Error monitoring setup

To get started with monitoring errors in your application, first make sure you’re running SDK 5.1 or above. You’ll need to make a few changes in your app.

Getting the Sentry DSN

First, obtain the Sentry DSN URL for the project you wish to report to. If you have an account, this can be found in Settings > Projects > Project Name > Client Keys (DSN).

DSN Location

We’re going to use this URL so we can make sure Sentry is working correctly in our project, but we recommend swapping it out for a string like !SENTRY_DSN that can be replaced during app build.

If you don’t have an account, get in contact with the SDK or DevOps Teams.

Providing the Sentry DSN

Now that you have the DSN URL, you can provide it in your VsAppCoreModule.forRoot() or VsCommonModule.forRoot() configuration like so:

@NgModule({
  // ...
  imports: [
    // ...
    VsCommonModule.forRoot({
      // ...
      sentryDsn: 'https://<redacted>@<redacted>.ingest.sentry.io/<redacted>'
    }),
  ],
})
export class AppModule {
  // ...
}

To make sure Sentry is working, run your project in your usual development configuration. Errors should still be printing to the console, and you won’t see anything show up in Sentry.

Running you project in production mode (meaning the production flag in your environment file is set to true) should enable Sentry. Now, errors will no longer show up in the console and will instead be sent to Sentry. You can check this by going to the Network tab in Chrome DevTools and verifying that a request to Sentry is being sent. Errors will show up in the Issues tab in Sentry.

After you’re done testing, don’t forget to swap out the DSN URL for !SENTRY_DSN.

Sending dependency data

If you want your error logs to be more useful, you can opt for sending your package.json data, such as project name and version, dependencies, and devDependencies.

First, go to your app’s tsconfig.app.json and set the resolveJsonModule property to true in compilerOptions:

{
  // ...
  "compilerOptions": {
    // ...
    "resolveJsonModule": true
  }
}

Then, in your VsAppCoreModule.forRoot() or VsCommonModule.forRoot() you’ll need to provide the packageJson property. Make sure you’re pointing to the root package.json, containing your project dependencies.

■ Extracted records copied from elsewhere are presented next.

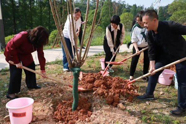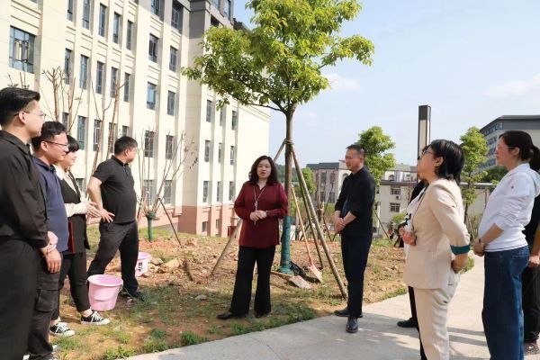凌飞向留校校友代表马艳颁发了捐赠证书,现场师生一同挥锹铲土、浇水施肥,纷纷与桃李园的树木合影留念。
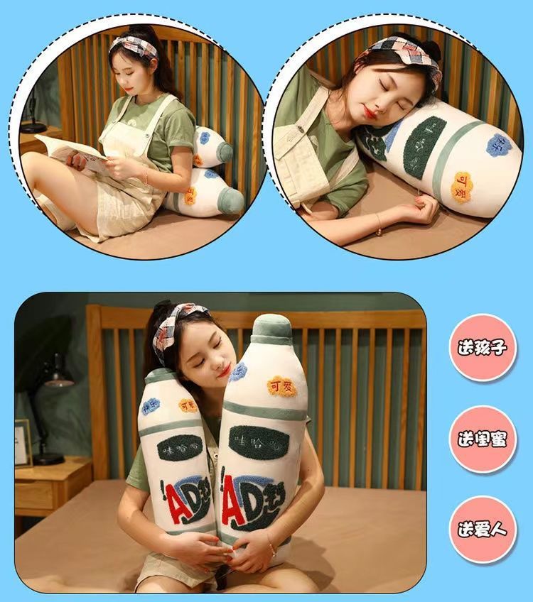 【享受温暖时光!长短款抱枕】娃哈哈长条抱枕,AD钙奶靠枕,毛绒玩具床上睡觉玩偶,女生可爱床头靠垫,学生宿舍居家布艺床上用品 饮料创意礼物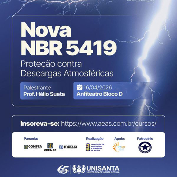 A atualização da norma brasileira NBR 5419, que trata da proteção contra descargas atmosféricas, será tema de palestra do curso de Engenharia Elétrica da Universidade Santa Cecília (Unisanta) marcada para o dia 16/4, no Anfiteatro do Bloco D, às 19h. O evento será ministrado pelo professor Hélio Sueta e é voltado a estudantes, engenheiros e […]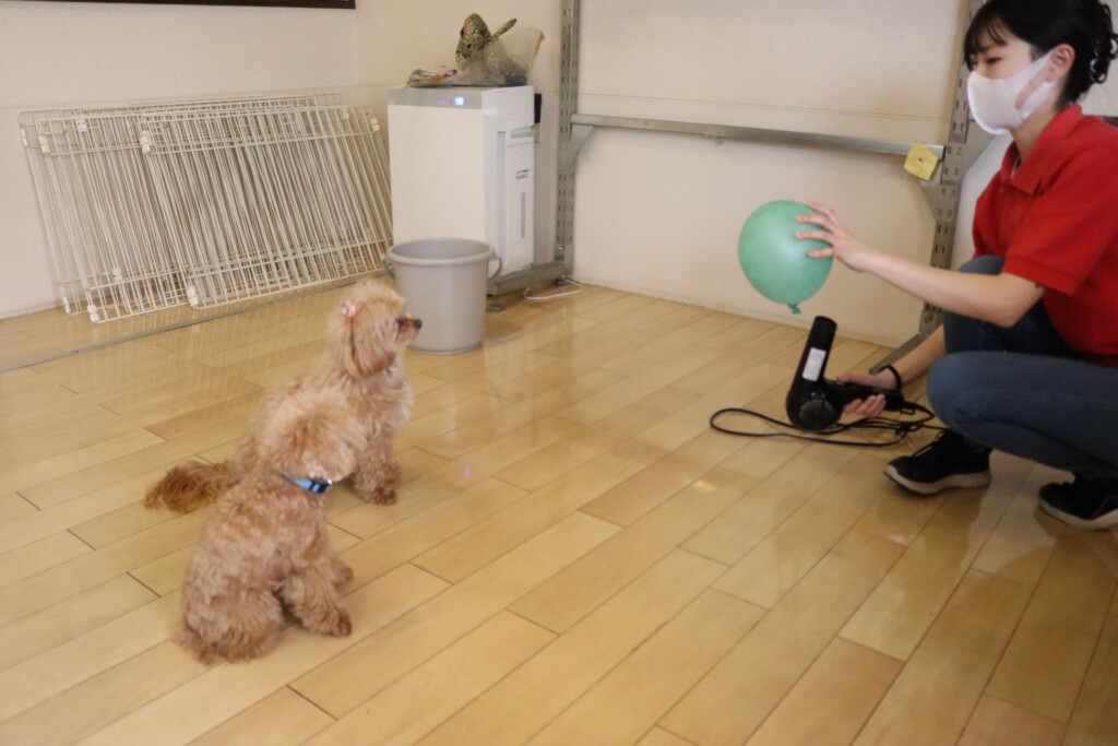 あずきちゃん・こむぎちゃん・テトラくん・シルヴィーちゃん・ルルちゃん・金ちゃんは風船を使い物慣れ!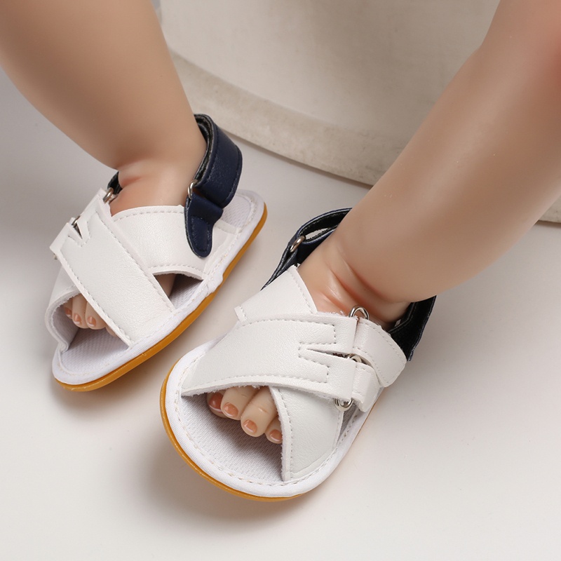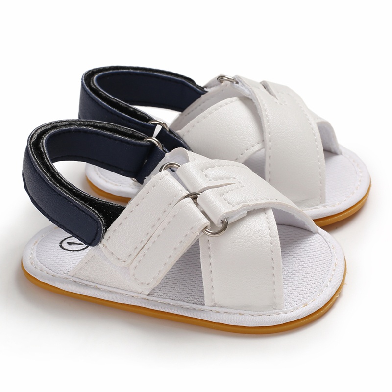 Incaltamintea pentru bebelusi protejeaza picioarele de suprafete mai aspre sau dure. Cand micii copilasi incep sa umble, talpile lor au nevoie de extra protectie pentru a evita posibilele rani. Aceste sandale antiderapante au un design minimalist, in doua culori – alb si negru. Inchiderea cu scai usureaza procesul de incaltare si descaltare iar bareta reglabila ofera confort si celor mai mici picioruse. Ajuta-ti copilasul sa faca primii pasi in siguranta, cu sandale antiderapante confortabile, din piele ecologica.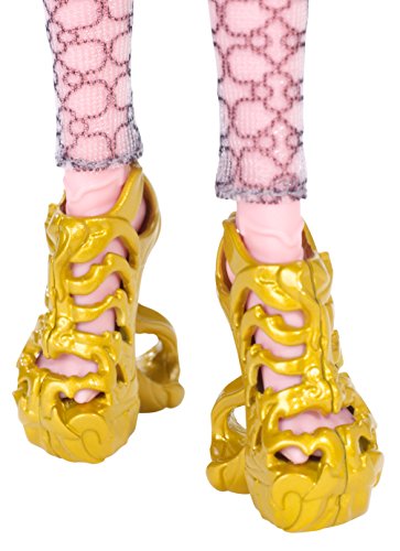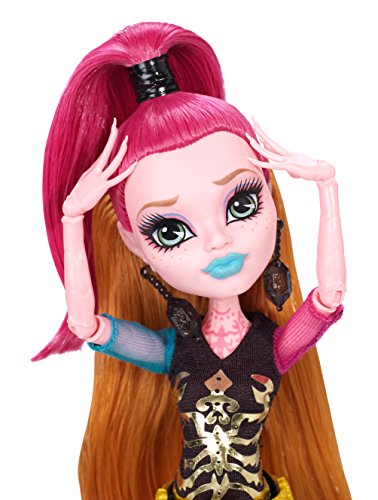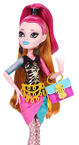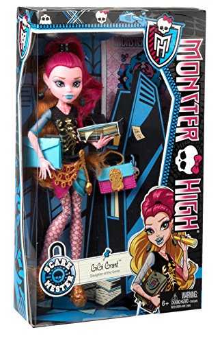 A new Scare Mester is starting at Monster High - and that means new lessons to learn, new looks to die - or undie - for and new beast friends haunting the halls! Gigi Grant, Daughter of the Genie introduced in Monster High 13 Wishes movie, has decided to enroll and is outfitted in her fashionably fierce core school outfit. Mixing blue and pink in graphic blocks, she pairs a black top with golden accents and colored sheer arms with a genie wrap-style skirt. Mesh-type leggings and a golden belt make this fashion one to wish for. Killer accessories include drop earrings, a matching color-block school bag and golden cutout booties. With her hair up in a genie do and bright blue lips, she looks scary cool for the first day of school! Gigi Grant doll also comes with a matching folder, signature-style brush, doll stand and character-specific diary. Collect the rest of the Monster High student body (each sold separately) for a full monster roster! Doll cannot stand alone. Ages 6 and older.Feature

import * as packageJson from '../../../../package.json';
// ...

@NgModule({
  // ...
  imports: [
    // ...
    VsCommonModule.forRoot({
      // ...
      packageJson: packageJson // here
    }),
  ],
})
export class AppModule {
  // ...
}

If your IDE complains about the json import, manually restarting it should solve the problem. You should also restart your serve.

You can now run your app in production mode and manually throw an exception to make sure the correct data is being sent.